Since I'm doing web querying/scraping of tabular data in several of my scripts, I want to refactor this functionality into a convenient module, and I would appreciate some input/criticism/wisdom from the other resident monks on that topic... :)

By "query", I mean a complete recipe for downloading a document from the web and extracting relevant pieces from it using XPath expressions and/or regexes.
By "tabular data", I mean that when a query is executed, it returns a list of items where each item has the same set of pre-defined "fields".

The module's API should allow query definitions to be:

encapsulated - Everything that defines a particular query, should appear together as one self-contained unit in the user's source code.
declarative - Don't make the user write unnecessary boilerplate code or worry about implementation details.
reusable - Once a query is defined, it should be very easy for the user to execute it many times with different parameters during the program's execution.

What I have so far:

My current idea (a.k.a. "first draft") for the API is demonstrated by the following simple usage example, which would be a script for finding TV series by name:

#!/usr/bin/perl
use warnings;
use strict;
use My::Hypothetical::Web::Query::Module qw(register_query);


# Defining the query:

register_query 'tvdb_series_search' => {
    url   => 'http://thetvdb.com/api/GetSeries.php?seriesname=%s',
    cache => 'tvdb_search_%s.xml',
    items => '/Data/Series',  # this is an XPath expression!
    class => 'Series',
    parse => { 'name' => './SeriesName',
               'year' => ['./FirstAired', qr/^(\d{0,4})/],
               'desc' => './Overview' },
};


# Defining the type for the query's result items:

package Series {
    use Moo;
    has name => (is => 'ro');
    has year => (is => 'ro');
    has desc => (is => 'ro');
    
    sub summary {
        my $self = shift;
        return sprintf "%s [%s]\n  %s\n", $self->name, $self->year,
                   substr($self->desc, 0, 64).'...';
    }
}


# Executing the query and iterating over its result list:

my $it = tvdb_series_search( $ARGV[0] );

while (my $series = $it->()) {
    print $series->summary();
}
[download]

Sample output:

$ ./findseries.pl cards
House of Cards [1990]
  The PM made a deadly mistake when he passed over Francis Urquhar...
House of Cards (US) [2013]
  House of Cards is an American political drama series developed a...
[download]

I.e. a query is defined using a hash, some of whose values (like the URL) are sprintf patterns that will get filled by the parameter(s) passed to the query each time it is executed.
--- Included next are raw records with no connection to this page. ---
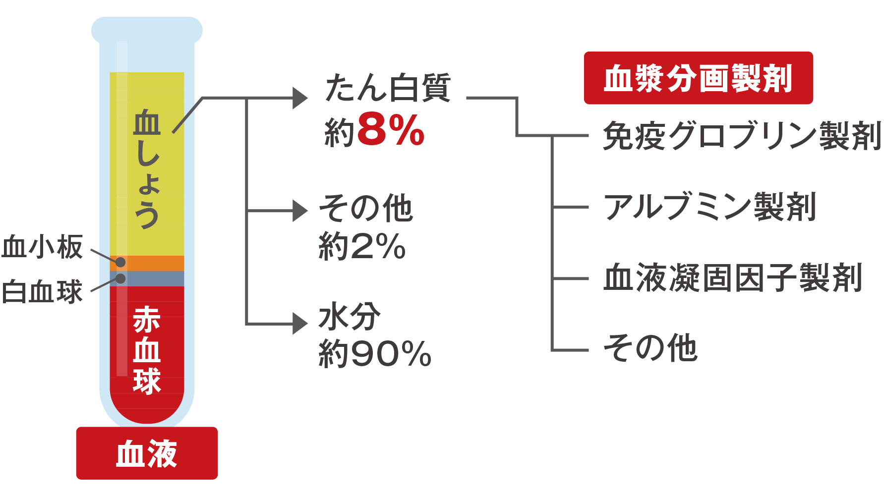 れいなさんを救った免疫グロブリン製剤は、血液の成分「血しょう」から抽出されるたん白質から造られる血漿分画製剤の一つです。
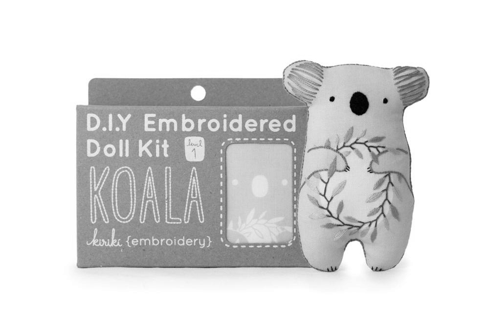 Koala is a Level 1 pattern, great for beginners because it features basic stitches used sparingly.All Kiriki patterns are screen printed by hand with vibrant, water-based inks right onto the fabric so no tracing or transferring is ever required!D.I.Y. Embroidered Doll Kits include:• Screen printed pattern on cotton• Printed backing fabric• No. 9 needle• Range of DMC Embroidery Floss• Stuffing• Step-by-step instructions• Full size colour image of finished doll• Screen printed packaging - perfect for gift giving!
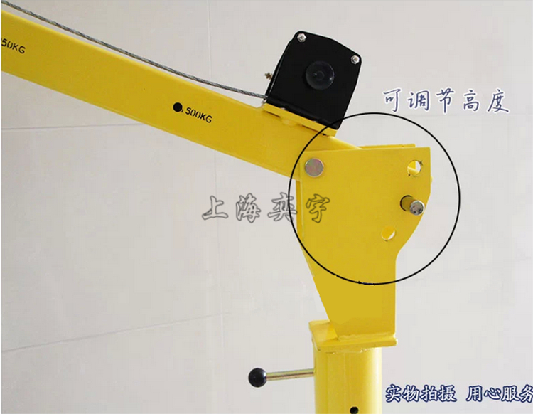 3.吊臂長(zhǎng)度:吊鉤下落地面與主桿距離0.9-1.5米可調(diào),3孔定位銷眼可調(diào)節(jié)。
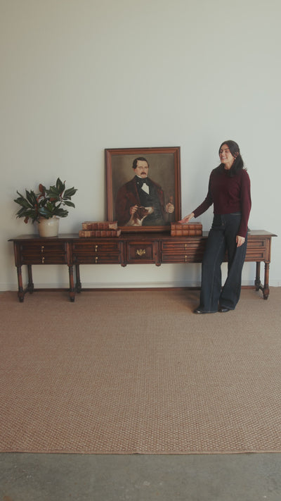 An elegant early 20th-century English oak console table, showcasing classic craftsmanship and timeless restraint. Crafted in solid oak with a warm, medium-to-dark patina, this piece features a long, narrow profile with functional drawers—making it as practical as it is refined. Its versatility allows it to live beautifully in an entryway, hallway, dining room, or behind a sofa.

Each of the parsing rules (items and the child values of parse) can be given as an XPath expression or a regex, or as an array of multiple XPath expressions and regexes where each one narrows down the result of the preceding one.

The register_query function takes this hash, and constructs a query subroutine from it which it dynamically injects into the program's symbol table, so that executing the query is as simple as calling that function with the desired parameters.

The result items are optionally returned as objects of the type specified by the class option, which admittedly is overkill in a simple example like the above, but will be useful in more complex use-cases.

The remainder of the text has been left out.